The prognostic value of NLR was previously shown for a variety of malignancies, including soft tissue sarcomas (13), colorectal, renal, lung and pancreatic cancers (1416). There is a growing body of data supporting the usefulness of NLR in prognostication in GISTs. Its role as an independent prognostic factor of RFS in localized primary GISTs has already been presented (1719). Moreover, in this group of patients increased NLR was correlated with shorter OS (18,20). However, some authors present opposite results (21). High NLR was also associated with the characteristic features of high-risk tumors, what suggests that high risk GISTs can promote systemic inflammation (20). Much less is known about the role of NLR in patients treated systemically due to metastatic/unresectable GIST. In our previous study we reported that NLR>2.7 at baseline was significantly associated with poor OS and PFS in patients receiving imatinib in the first line of treatment of advanced GIST (10). To our knowledge, this is the first study showing that pretreatment NLR may be associated with OS in advanced GIST treated with sunitinib as a second-line therapy. In this study, we have found that baseline NLR>2.4 is a negative independent prognostic factor for OS.

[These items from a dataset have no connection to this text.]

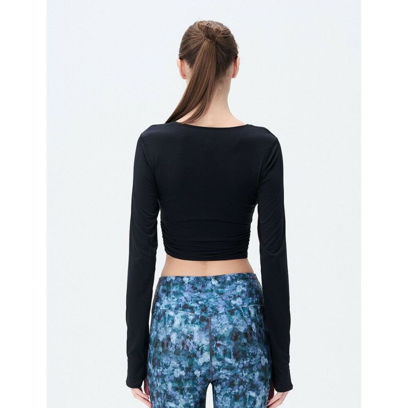 袖口に親指を通せるホール(穴)があることで、運動中でも袖がずり上がりにくく、安定。手の甲までしっかりカバーすることができるのでヨガマットや器具との摩擦防止、屋外の日焼け対策にも◎
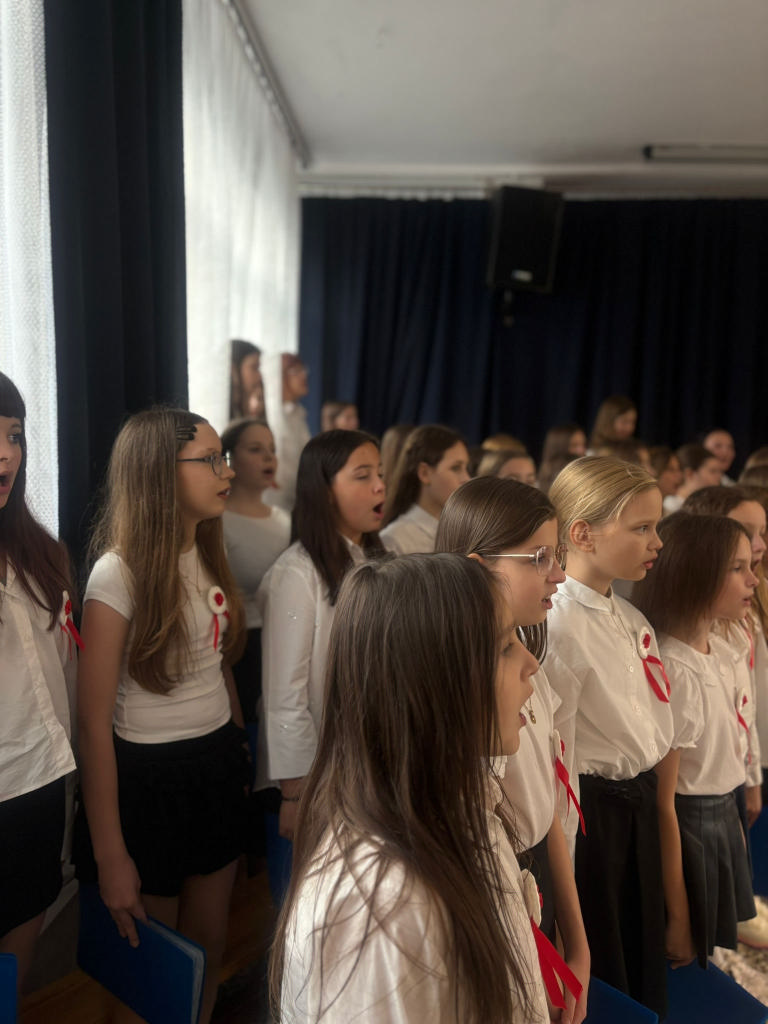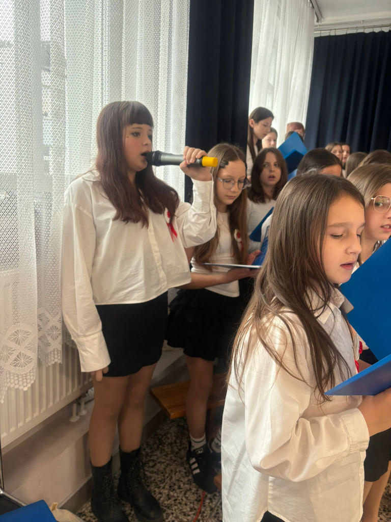 W montażu słowno-muzycznym przypomniano najważniejsze symbole naszego kraju oraz oddano hołd tym, którzy walczyli o wolność. Akademię przygotowali uczniowie z klasy 5C oraz chór szkolny klas 4–8 pod opieką pań Barbary Zegar i Emilii Sobczak- Chudzik.
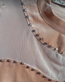 body in velluto beige con dettagli in velo e borchiette tonde. semplice e particolare allo stesso tempo. Mai indossato.
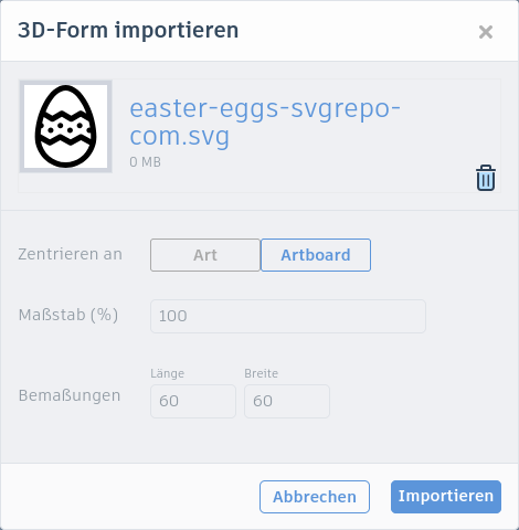 Öffne Tinkercad und erstelle einen neuen 3D-Entwurf. Importiere die SVG-Datei. Setze im folgenden Fenster bei der Bemaßung den größeren der beiden Werte (also die Länge oder die Breite) auf 60. Oft sind beide Werte gleich.
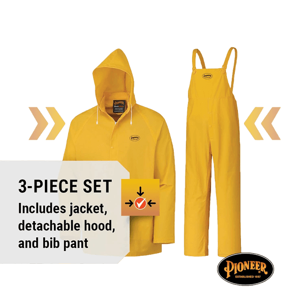 Stay dry and visible with our Pioneer Waterproof PVC Work Suit for Men. The 3-piece set includes a safety jacket and bib pants with a detectable hood. With PVC material, this work suit repels rain to keep you dry on the job. Stay protected and comfortable in any weather.
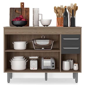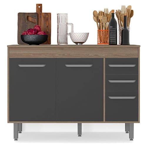 Balcão de Cozinha 3 Portas 2 Gavetas 120cm Flex com Tampo Carvalho Grafite – Poliman
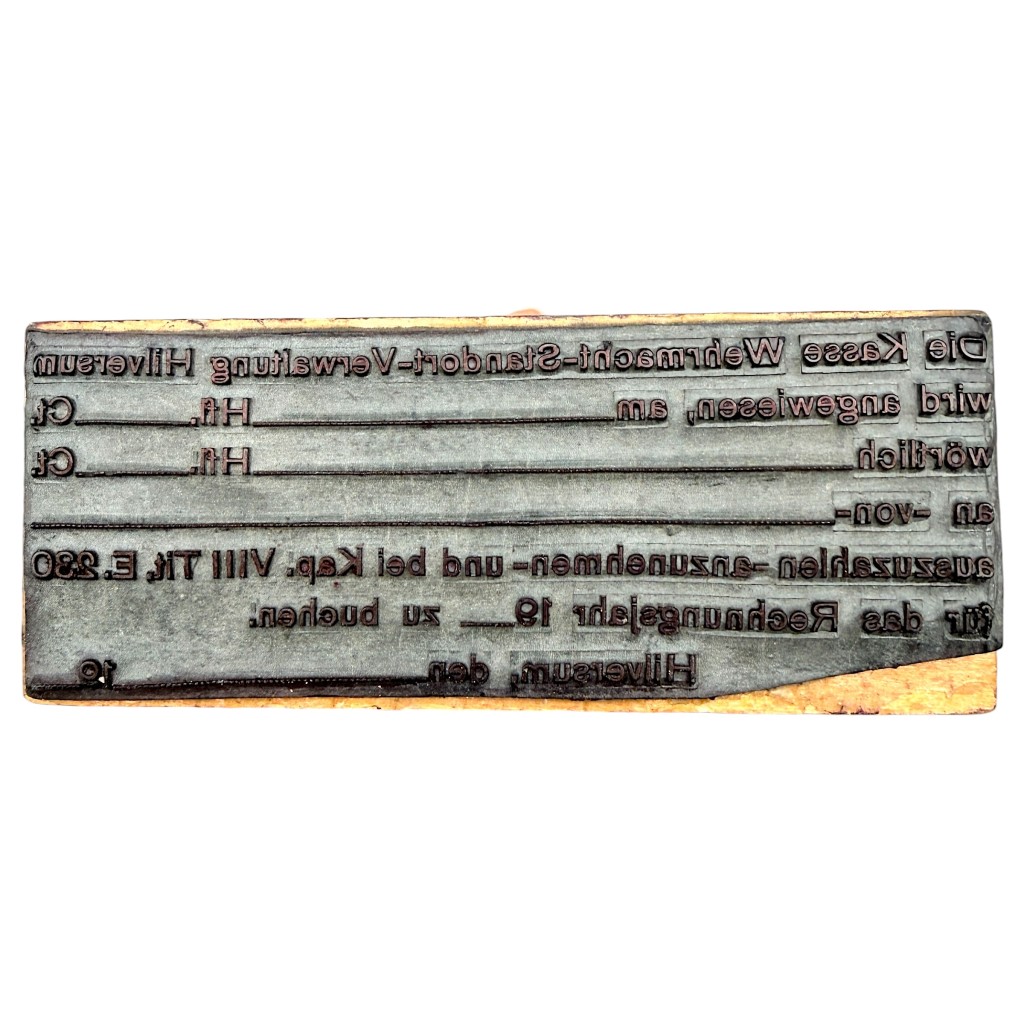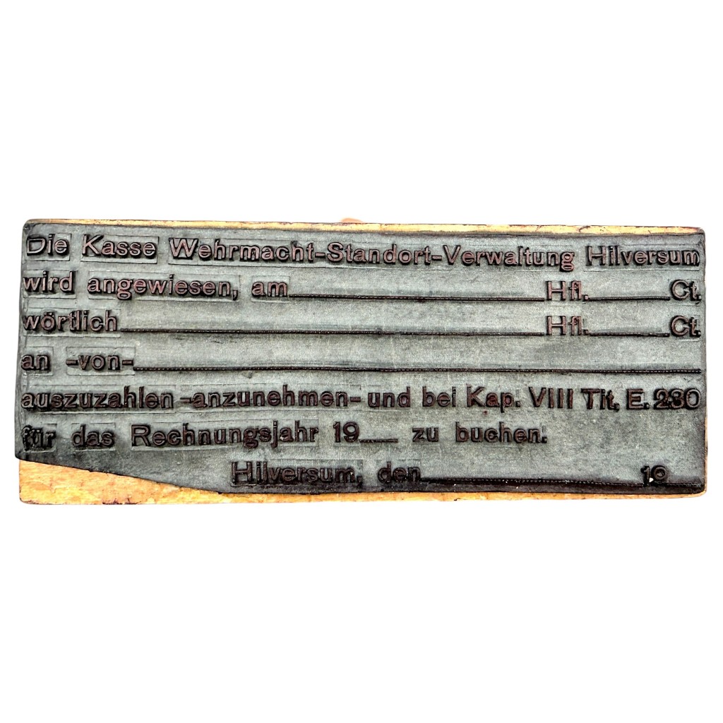 De stempel bevat uitgebreide administratieve tekst zoals “Die Kasse Wehrmacht-Standort-Verwaltung Hilversum wird angewiesen” en werd gebruikt voor financiële verwerking binnen de Wehrmacht.
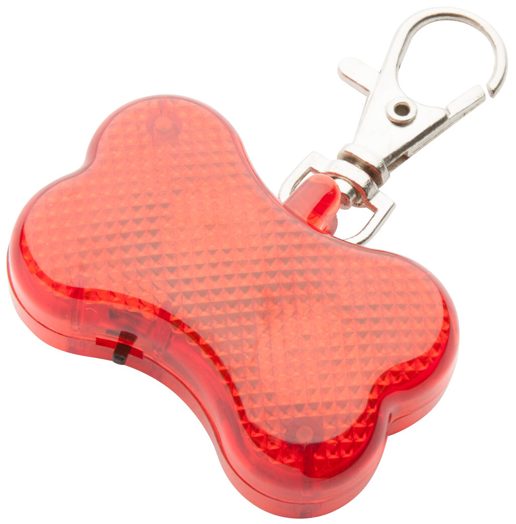 Bezpečnostní blikající LED světlo pro zvířata ve tvaru kosti, vč. knoflíkové baterie.
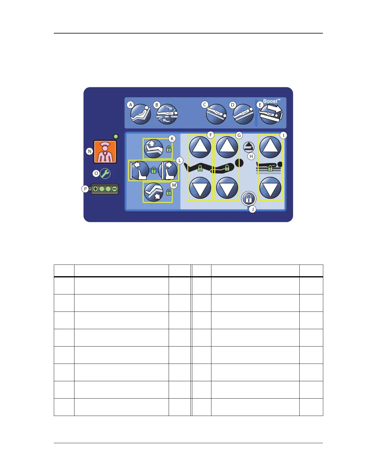B Bed flat control 26 J Lockout control—locks out bed
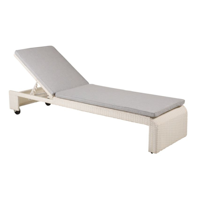 Modern, stilren och pampig solsäng från serien London skapar ett trivsamt blickfång på din uteplats. Här får du en krämvit solsäng med grå dyna, hjul och justerbart ryggstöd för optimala vilopositionen. Solsängen är tillverkad av svart konstrotting vilket gör den slitstark i utomhusmiljö. Här kan du njuta länge av lediga stunder på sommarens soliga dagar! Skötselråd: Konstrotting är ett plastmaterial som passar alldeles utmärkt för vårt skandinaviska klimat. Materialet är UV-beständigt och tåler väder och vind. Att det är UV-beständigt gör att möblerna inte bleknas, däremot rekommenderar vi alltid att förvara möblerna under ett möbelskydd eller på annat vis torrt och svalt – för att förlänga livslängden.
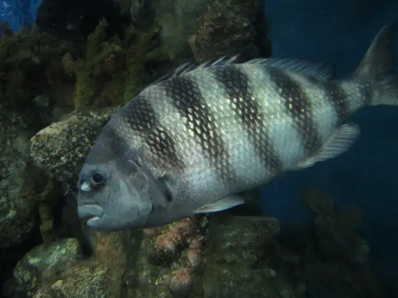接下来进入全馆的最引以为傲的全长155米的水底隧道区,展示了5种截然不同的海底环境,第一段为近岸珊瑚礁,饲养了许多珊瑚礁中大型鱼类,不乏部分顶级掠食者,其中有数量庞大的皱唇鲨,馆内人工繁殖的豹纹鲨亚成体和鲜少展示的狭纹虎鲨,以及从美国佛罗里达州引进的羊头鲷。隧道内还有一定数量的裸胸鳝。
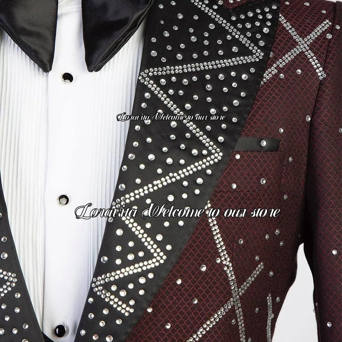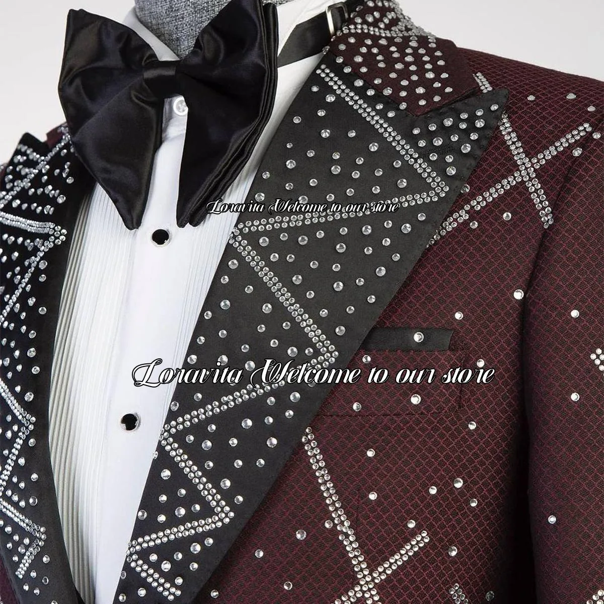 Luxury Sparkling Crystal Tuxedos Men Suits Fashion 3 Pieces Set Wedding Groom Slim Fit Male Prom Blazers Party custom made suits
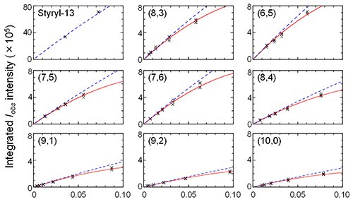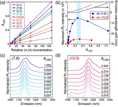 ?:不同手性碳纳米管荧光光谱积分强度的浓度依存性、/p>
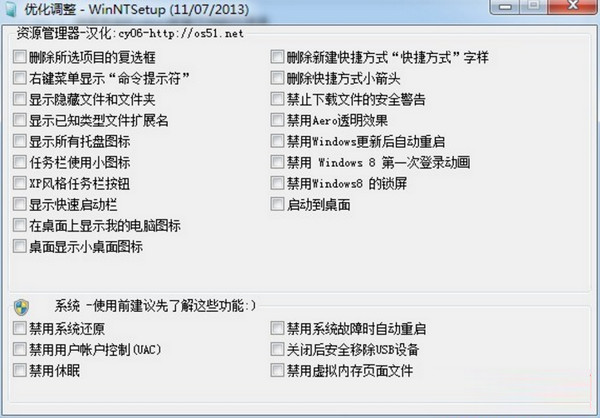 安装之前可以勾选【优化调整】按钮进行一些系统优化,让安装出来的系统更加顺畅
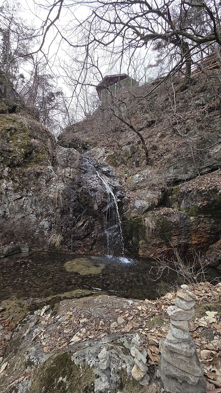 수량이 적어 폭포는 가는 물줄기로 보이네요.
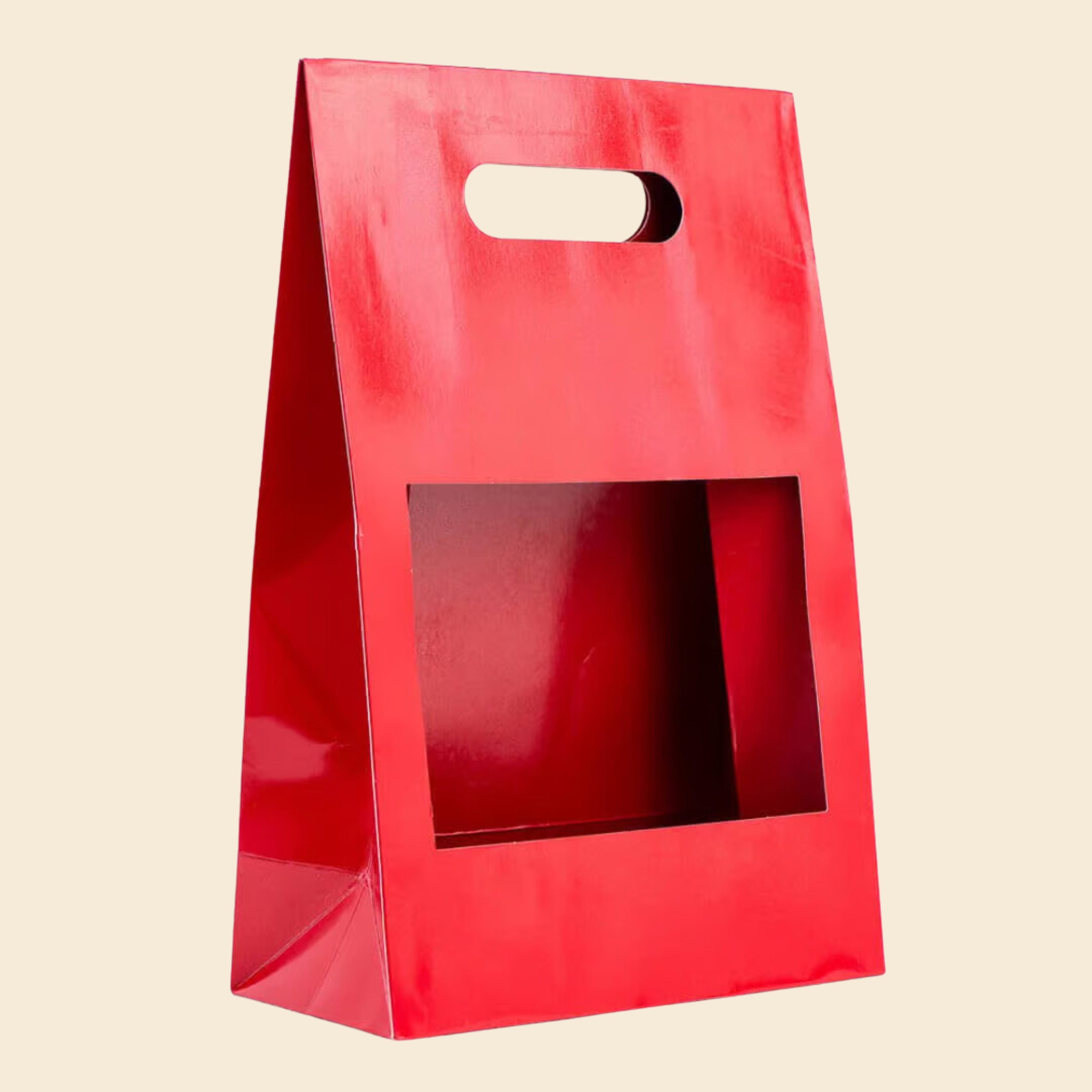 Cutie cadou cu fereastră și mâner – roșu, dimensiune 37,5x25x12cm, soluția perfectă pentru ambalarea și prezentarea elegantă a produselor ibrik.
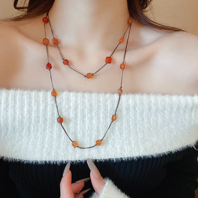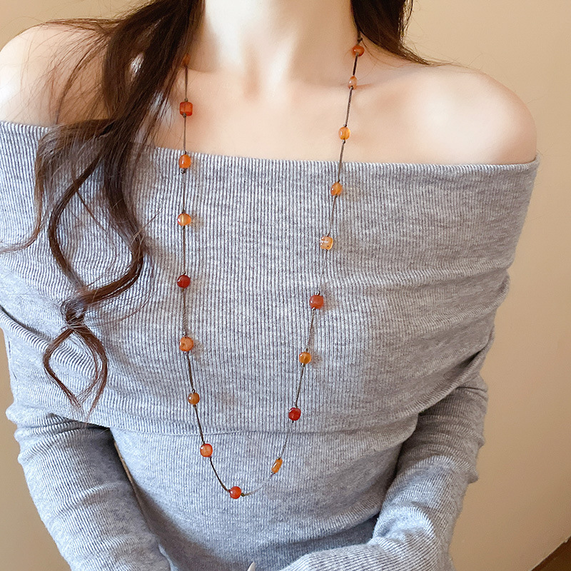 27# necklace-coffee color-red-square
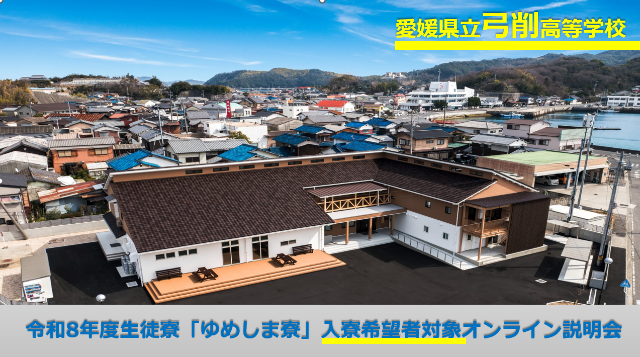 愛媛県立弓削高等学校生徒寮「ゆめしま寮」の令和8年度入寮希望者対象のオンライン説明会です。▼参照HP弓削高等学校学生寮「ゆめしま寮」入寮希望者の募集についてhttps://www.town.kamijima.lg.jp/soshiki/gakko-kyoiku/23258.html※ 応募条件 応募する場合は、以下の2点が必要です。 ・寮に関する説明会への参加(オンライン可) ・応募前面談への参加(オンライン可)入寮希望者対象説明会日程①10月14日(火)【オンライン】19:00~19:40②10月23日(木)【オンライン】19:00~19:40③11月 1日(土)【対面】 14:00~16:00④11月10日(月)【オンライン】19:00~19:40⑤11月19日(水)【オンライン】19:00~19:40ミーティングID:784 915 8983パスコード:zyM09Jお問い合わせ先上島町教育委員会 学校教育課 弓削高等学校学生寮担当Tel 0897-77-2207 Fax 0897-77-3207E-mail kyoiku@town.kamijima.ehime.jp
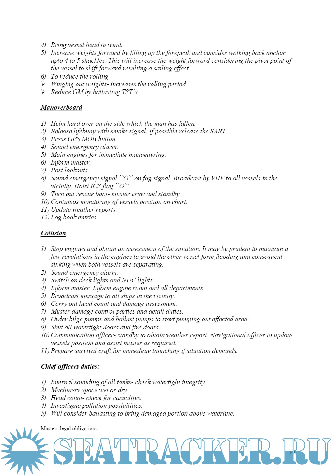Safety Notes for Phase II (Chief Mate F.G.) Mercantile Marine Department (MMD), India Examinations.…
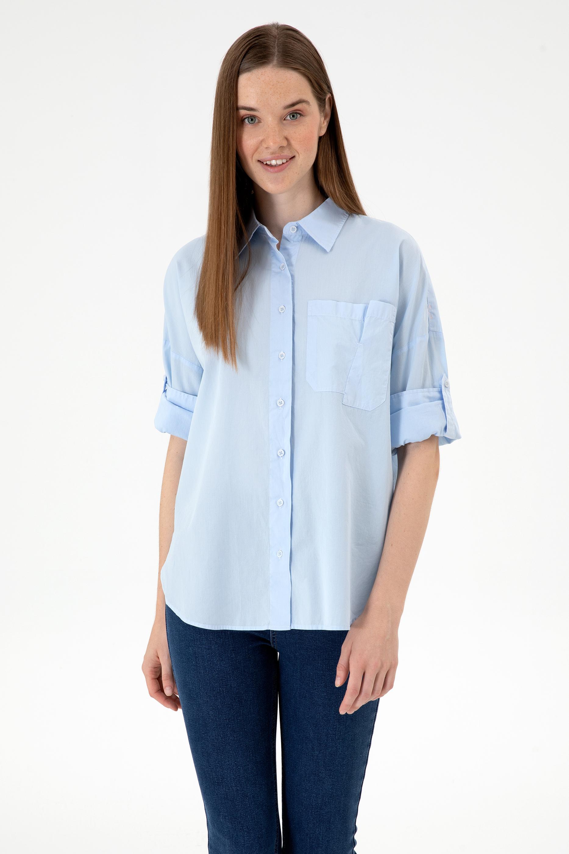 Kadın Açık Mavi Uzun Kollu Gömlek
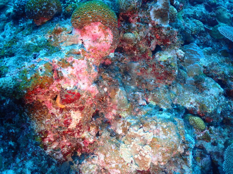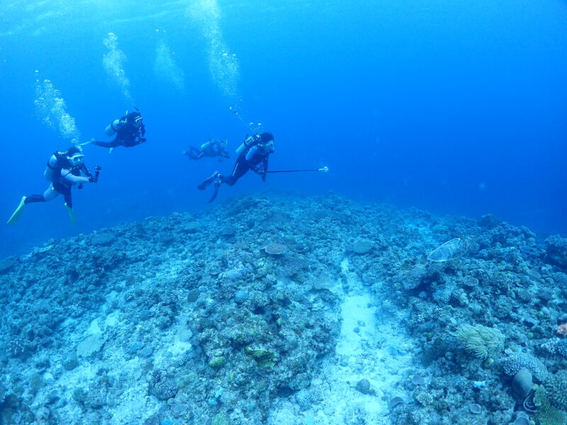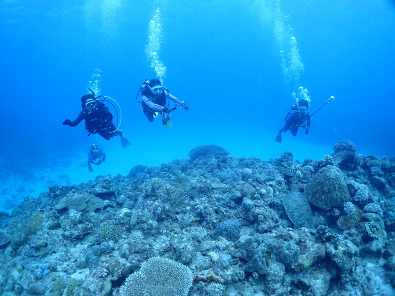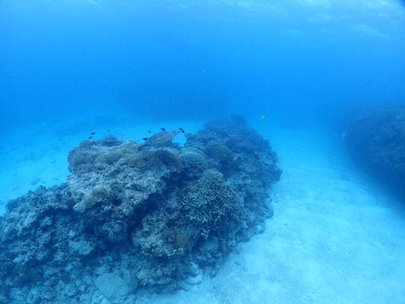 三日月の根にh、カメの寝床が2か所!サンゴの植え付けあとも観察しました。

Direct mechanisms that clarify the poor survival outcomes in patients with high blood NLR are poorly understood. One potential explanation of this phenomenon could be connection between high NLR and the systemic inflammation induced by tumor cells and associated host cells. There is increasing evidence of an association between cancer and inflammation; in fact, inflammation is now considered a hallmark of cancer (22). Moreover, the tumor niche and tumor-associated inflammation play crucial roles in carcinogenesis, progression, and the development of metastasis. Inflammatory processes in the tumor are reflected by changes in leucocyte blood count or increased levels of circulating cytokines (23). Perez et al (19) suggested that NLR in GIST is mainly determined by the absolute neutrophil count because there is no established link between blood lymphocytes and prognosis in solid tumors. Rather, the lymphocyte count alone can be considered a measure of patient-specific immune response against cancer with limited prognostic value. Neutrophilia can inhibit the immune system by suppressing the cytolytic activity of lymphocytes, natural killer cells, or activated T cells (24,25). High NLR was found to be related to an increase in macrophage infiltration of peritumoral tissue and elevated systemic concentrations of IL-17, (26), IL-12, IL-8, IL-7, IL-6, IL-1ra, MCP-1 and PDGFBB (27). Moreover, neutrophils can secrete tumor growth promoting factors, including HGF, VEGF, IL-8, IL-6, MMPs and elastases and thus lead to the formation of tumor stimulating microenvironment, proliferation, migration, and invasiveness of tumor cells (25). Elevated NLR may indicate elevated concentrations of circulating cytokines, including some factors promoting tumor growth such as transforming growth factor-beta (TGF-beta) (28). Moreover, TGF-beta can promote an increase in the number, activation, and survival of neutrophils and reduce the number of lymphocytes (29). Altogether, NLR and circulating inflammatory cytokines can perpetuate a tumor microenvironment and reflect aggressive behavior.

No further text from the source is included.